◆ Work to complete
Would you print the lines below exactly, beginning at the line that has "Mr Corrigan’s WOW" and stopping after the line that has "Umplutura 100% puf"? Only those lines, and no pictures.

◆ Provided information

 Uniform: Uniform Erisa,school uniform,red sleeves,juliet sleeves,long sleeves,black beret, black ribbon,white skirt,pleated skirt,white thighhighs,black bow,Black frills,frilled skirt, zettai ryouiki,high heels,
==
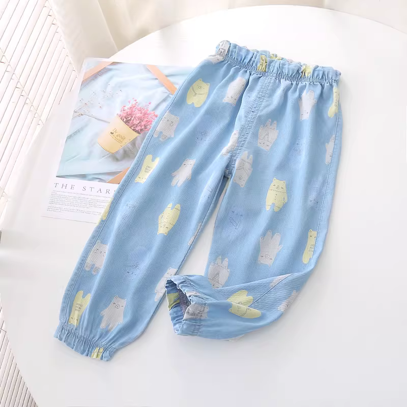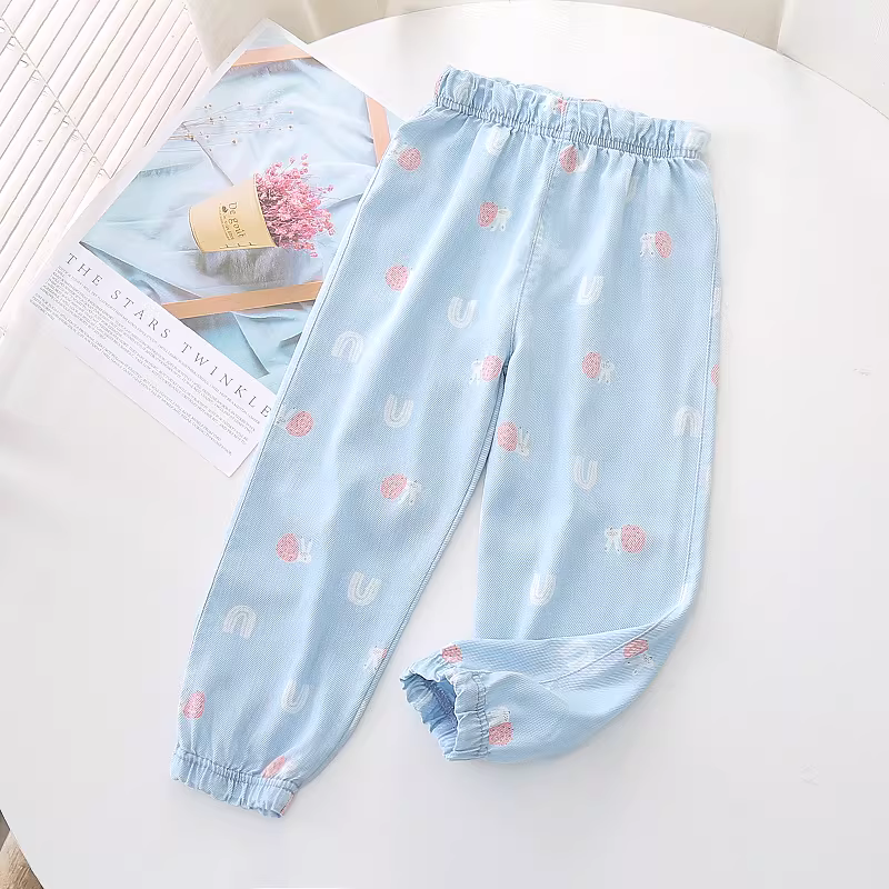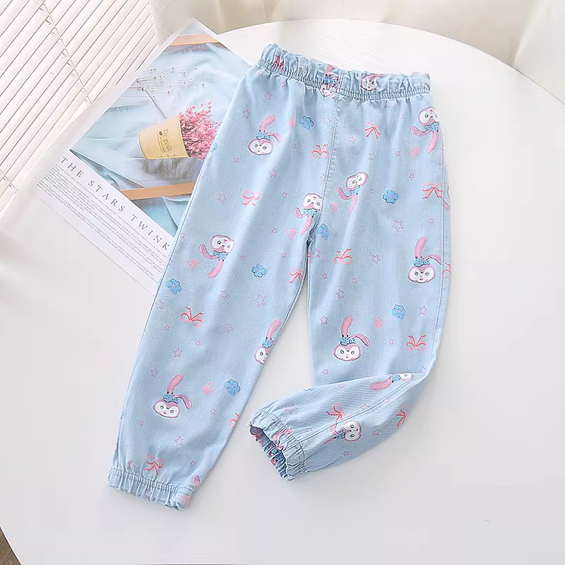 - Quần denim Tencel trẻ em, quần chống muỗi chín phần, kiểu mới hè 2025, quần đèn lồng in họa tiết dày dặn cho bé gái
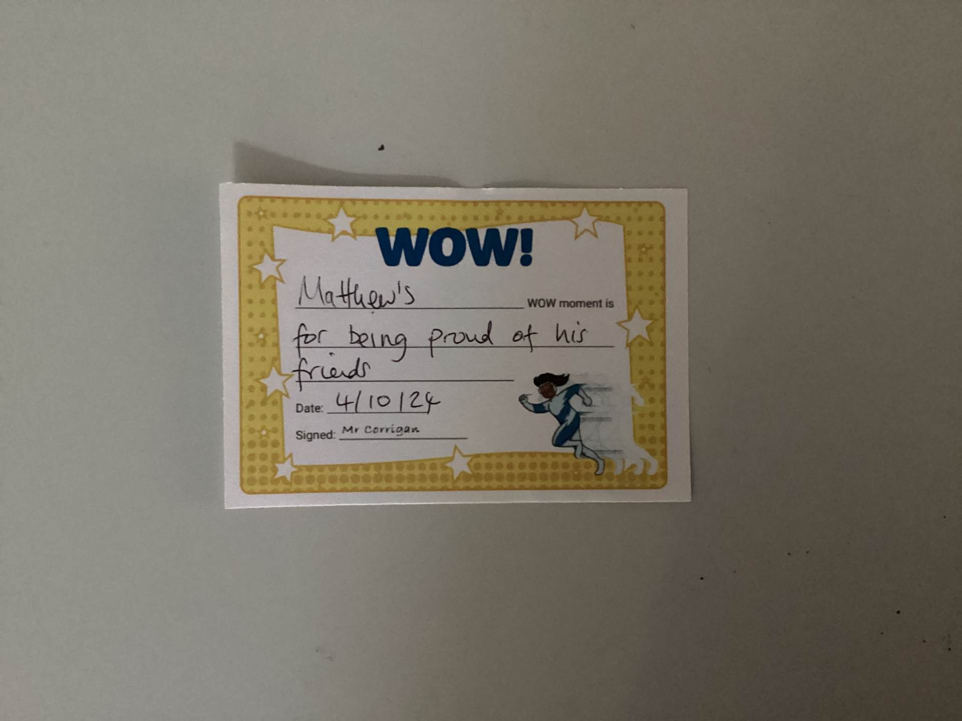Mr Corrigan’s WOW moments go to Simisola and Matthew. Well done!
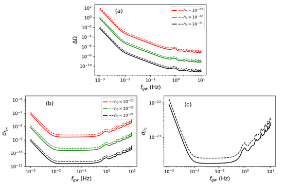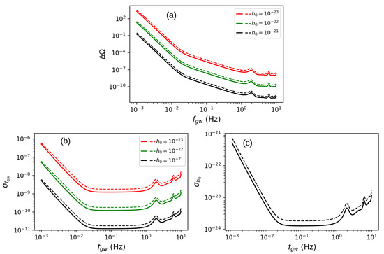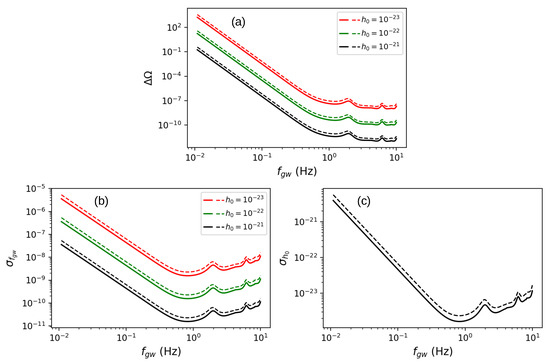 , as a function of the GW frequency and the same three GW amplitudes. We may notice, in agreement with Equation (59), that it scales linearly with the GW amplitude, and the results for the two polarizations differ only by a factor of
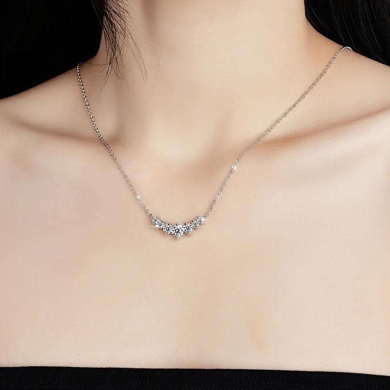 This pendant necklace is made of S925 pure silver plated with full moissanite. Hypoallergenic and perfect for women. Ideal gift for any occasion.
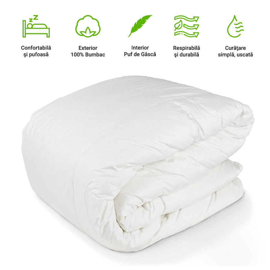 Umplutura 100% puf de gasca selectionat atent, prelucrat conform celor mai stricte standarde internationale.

◆ Solution to this task
Mr Corrigan’s WOW moments go to Simisola and Matthew. Well done!
 , as a function of the GW frequency and the same three GW amplitudes. We may notice, in agreement with Equation (59), that it scales linearly with the GW amplitude, and the results for the two polarizations differ only by a factor of
 This pendant necklace is made of S925 pure silver plated with full moissanite. Hypoallergenic and perfect for women. Ideal gift for any occasion.
 Umplutura 100% puf de gasca selectionat atent, prelucrat conform celor mai stricte standarde internationale.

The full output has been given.